This is a follow up to an older topic. Consider the following 2d Poisson Equation problem -\nabla ^2\mathbf{u}=\left( -1,-2 \right) with BC \mathbf{u}\left( \mathbf{x} \right) =\left( 1,2 \right) ,\mathbf{x}\in \partial \Omega where I simplify the problem somewhat since the BC won’t be 1 or 2 but results from another calculation on the mesh boundary points. The code is taken from the older topic Fenicsx: use an array of data for boundary conditions with some changes
from IPython import embed
import dolfinx
from mpi4py import MPI
import numpy as np
import random
import ufl
from dolfinx import fem
from petsc4py.PETSc import ScalarType
Nx = 5
Ny = 6
mesh = dolfinx.mesh.create_unit_square(MPI.COMM_WORLD, Nx, Ny)
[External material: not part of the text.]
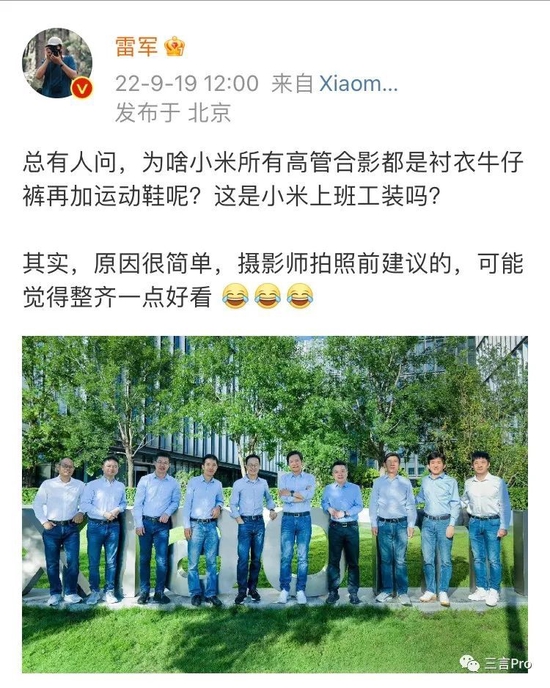 至于这次高管不再以牛仔裤打扮拍照这点,其实与小米进入职业经理人时代很契合。

V = dolfinx.fem.FunctionSpace(mesh, ("Lagrange", 1))
mesh.topology.create_connectivity(mesh.topology.dim-1, mesh.topology.dim)
boundary_facets = dolfinx.mesh.exterior_facet_indices(mesh.topology)
boundary_dofs = dolfinx.fem.locate_dofs_topological(V, mesh.topology.dim-1, boundary_facets)
u_bc_x = dolfinx.fem.Function(V)
u_bc_y = dolfinx.fem.Function(V)
mesh.topology.create_connectivity(mesh.topology.dim-1, mesh.topology.dim)
f_to_c = mesh.topology.connectivity(mesh.topology.dim-1, mesh.topology.dim)
mesh.topology.create_connectivity(mesh.topology.dim, mesh.topology.dim-1)
c_to_f = mesh.topology.connectivity(mesh.topology.dim, mesh.topology.dim-1)
dof_layout = V.dofmap.dof_layout
coords = V.tabulate_dof_coordinates()
num_dofs = 0
bc_dofs = []
for facet in boundary_facets:
# Find local index for each facet
cells = f_to_c.links(facet)
assert len(cells) == 1
facets = c_to_f.links(cells[0])
local_index = np.flatnonzero(facets == facet)
# Find local index for dofs in cell
closure_dofs = dof_layout.entity_closure_dofs(
mesh.topology.dim-1, local_index)
cell_dofs = V.dofmap.cell_dofs(cells[0])
for dof in closure_dofs:
local_dof = cell_dofs[dof]
dof_coordinate = coords[local_dof]
print(local_dof, dof_coordinate)
for b in range(V.dofmap.bs):
num_dofs += 1
u_bc_x.x.array[local_dof * V.dofmap.bs + b] = 1
u_bc_y.x.array[local_dof * V.dofmap.bs + b] = 2
bc = dolfinx.fem.dirichletbc(u_bc_x, boundary_dofs)
u_x = ufl.TrialFunction(V)
v_x = ufl.TestFunction(V)
f_x = fem.Constant(mesh, ScalarType(-1))
a_x = ufl.dot(ufl.grad(u_x), ufl.grad(v_x)) * ufl.dx
L_x = f_x * v_x * ufl.dx
problem = fem.petsc.LinearProblem(a_x, L_x, bcs=[bc], petsc_options={"ksp_type": "preonly", "pc_type": "lu"})
uh_x = problem.solve()
ux=uh_x.x.array
bc = dolfinx.fem.dirichletbc(u_bc_y, boundary_dofs)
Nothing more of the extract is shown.